## Description of the task
Directions for the data below: repeat exactly the lines from the one with "Москва. 3 февраля." through the one with "Die Wohnung befindet", both included, and omit all pictures.

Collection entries
+ + + + +

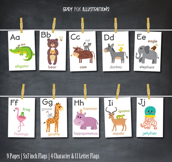 Alphabet Flash Cards Animal Alphabet Card Set Instant Etsy
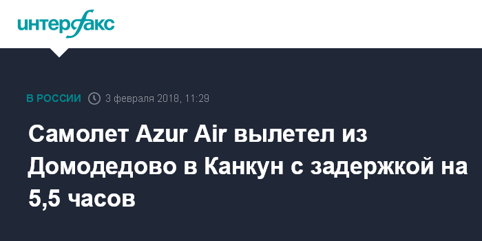 Москва. 3 февраля. INTERFAX.RU - Самолет авиакомпании Azur Air вылетел из московского аэропорта Домодедово на курорт Канкун в Мексике с задержкой на 5,5 часов, следует из данных онлайн-табло аэропорта.
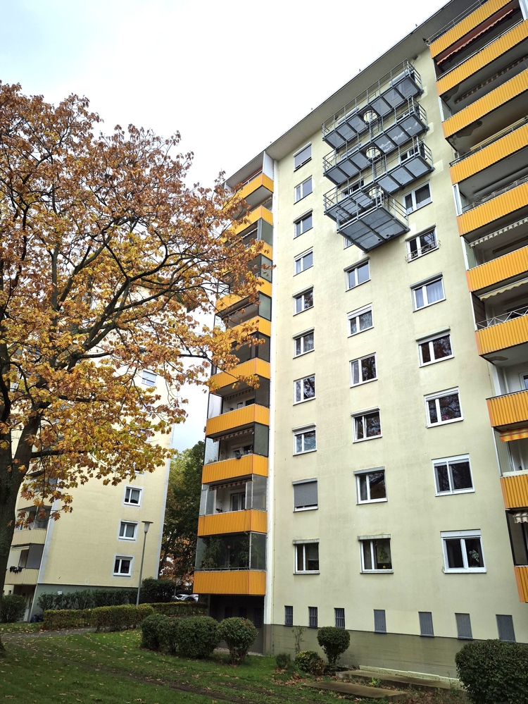 Die Wohnung befindet sich im 2. Obergeschoss einer Wohnanlage mit 60 Wohneinheiten aus dem Baujahr 1956.
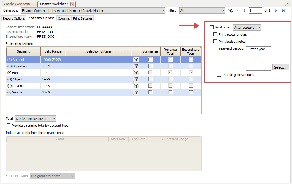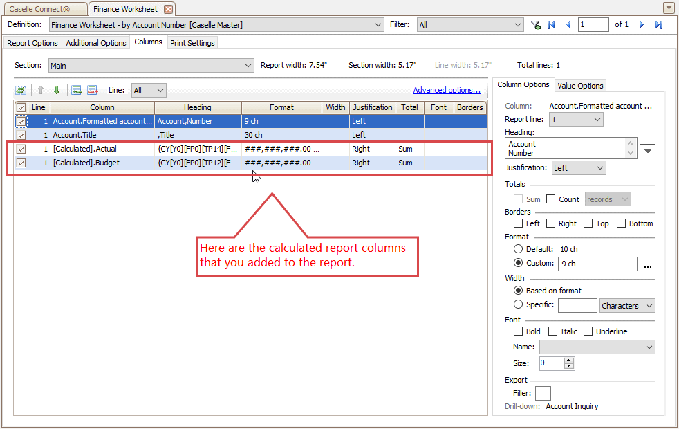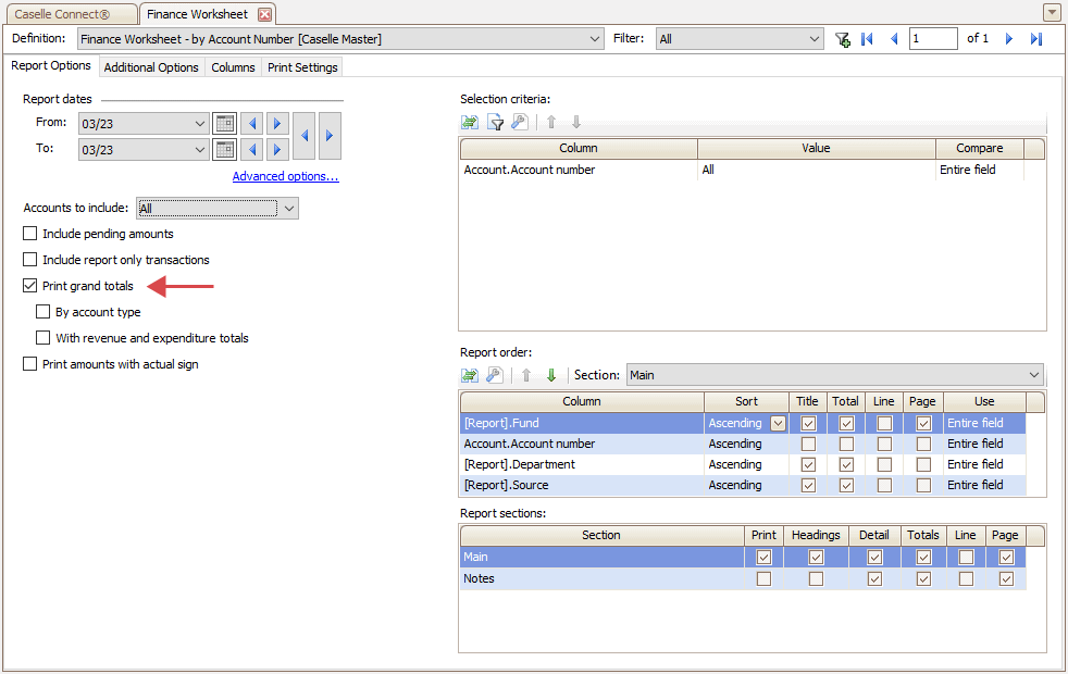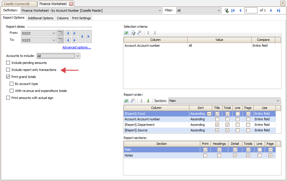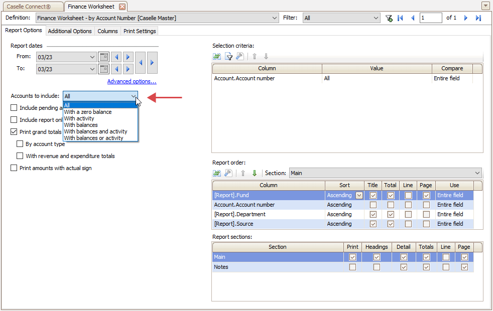 2. Select Finance Worksheet - by Account Number [Caselle Master] as the report definition.
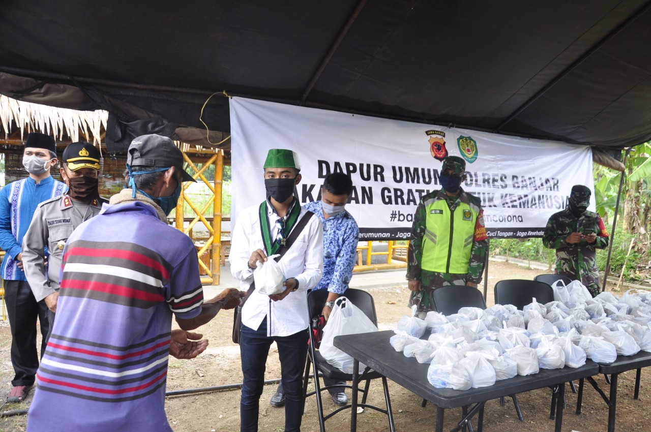 “Saat pembagian makan gratis, warga diwajibkan menggunakan masker dan mencuci tangan terlebih dahulu sebelum mengambil makan gratis yang telah disediakan Polres Banjar. Ini bertujuan agar masyarakat dapat mematuhi dan menerapkan arahan pemerintah maupun Maklumat Kapolri,” jelasnya.

+ + + + +

## Solution to this exercise
 Москва. 3 февраля. INTERFAX.RU - Самолет авиакомпании Azur Air вылетел из московского аэропорта Домодедово на курорт Канкун в Мексике с задержкой на 5,5 часов, следует из данных онлайн-табло аэропорта.
 Die Wohnung befindet sich im 2. Obergeschoss einer Wohnanlage mit 60 Wohneinheiten aus dem Baujahr 1956.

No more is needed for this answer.